» **EXERCISE PROMPT**
Copy out, from the data, each line containing the string "that".

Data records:
------------------------------------
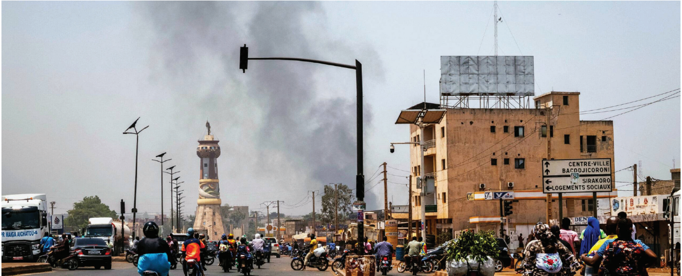
A column of black smoke rises over Bamako in the aftermath of the April 25 attacks.

The synchronized militant Islamist and separatist attacks across Mali reflect a steady deterioration in security that will require a broader coalition of domestic, regional, and international partners to reverse.
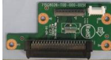
OPS PWB (1pcs)
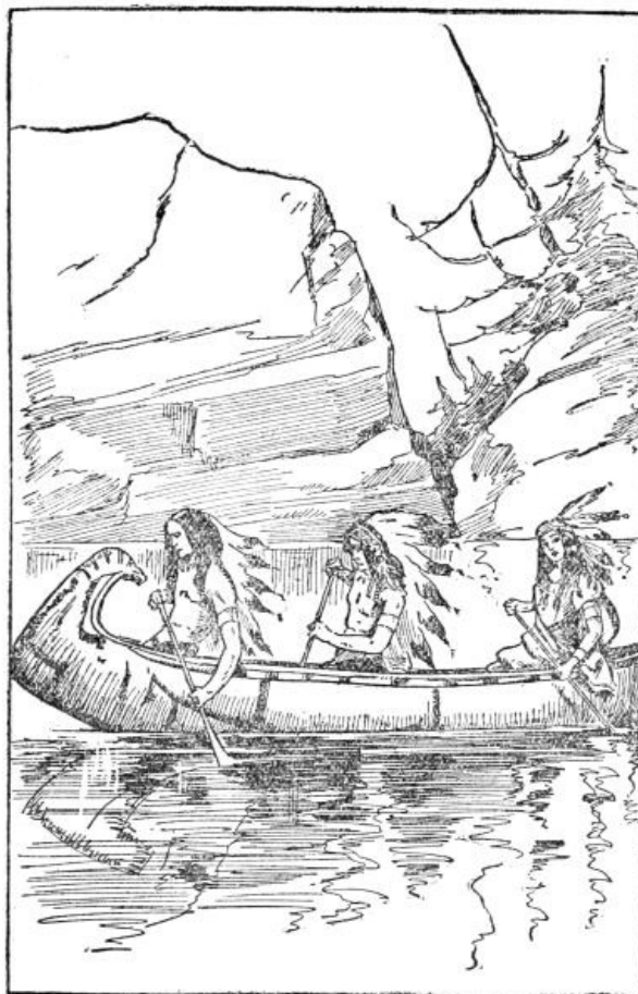
"In the stern, with a guiding oar, sat a young female."

My eye was still resting upon the glistening bend of the river above, when the quietness of the scene was interrupted by a dark speck which suddenly came in view, around a curve about a mile above. At first I supposed it to be some animal or log floating upon the surface; but as I looked at it, I saw to my astonishment that it was a canoe coming down-stream. Several forms were visible, yet their number, at that distance, was uncertain. The bright flash of their paddles was visible in the morning sunshine, and they maintained their place near the center of the stream.
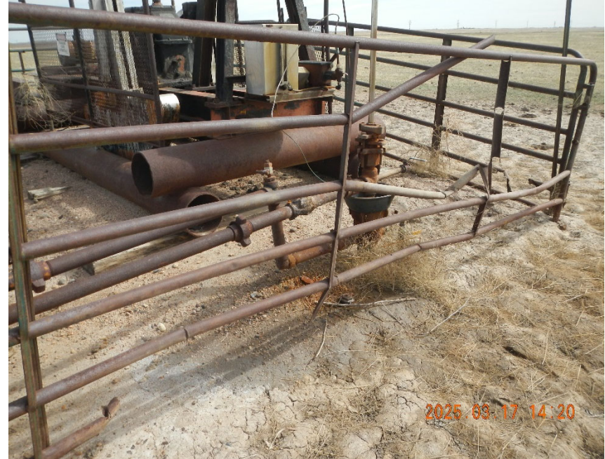
4. View of wellhead area as seen 03/17/2025. Note saturated soil around wellhead.
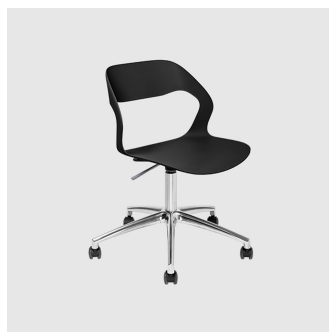
Mixis Air 5-Way Castor
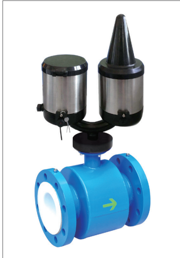
Integral type with GPRS Wireless
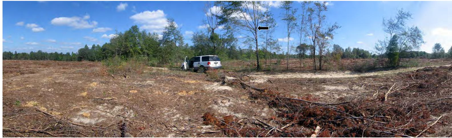
T1 – 2006 (10/20/2006)
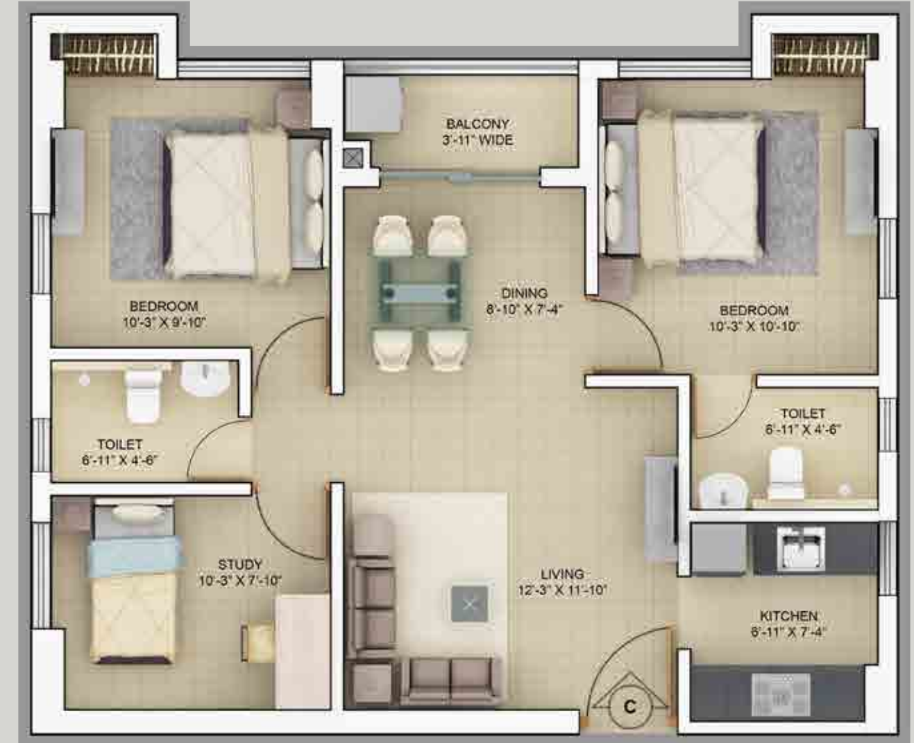
BLOCK 2 (2nd - 12th FLOOR)
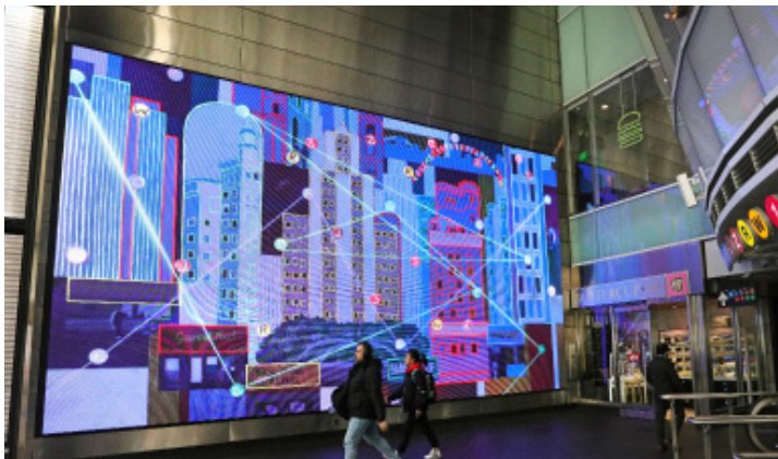
Ezra Wube, Fulton Flow , 2019, digital animation, Fulton Center
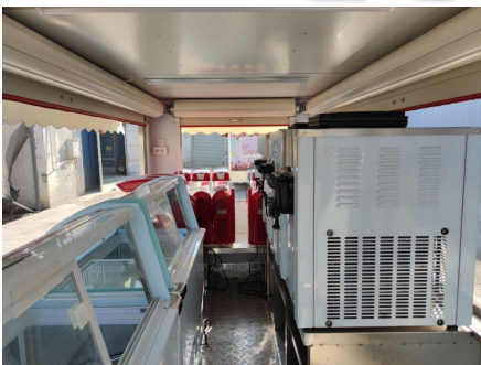
- Inside -
------------------------------------
» **COMPLETED EXERCISE**
The synchronized militant Islamist and separatist attacks across Mali reflect a steady deterioration in security that will require a broader coalition of domestic, regional, and international partners to reverse.
My eye was still resting upon the glistening bend of the river above, when the quietness of the scene was interrupted by a dark speck which suddenly came in view, around a curve about a mile above. At first I supposed it to be some animal or log floating upon the surface; but as I looked at it, I saw to my astonishment that it was a canoe coming down-stream. Several forms were visible, yet their number, at that distance, was uncertain. The bright flash of their paddles was visible in the morning sunshine, and they maintained their place near the center of the stream.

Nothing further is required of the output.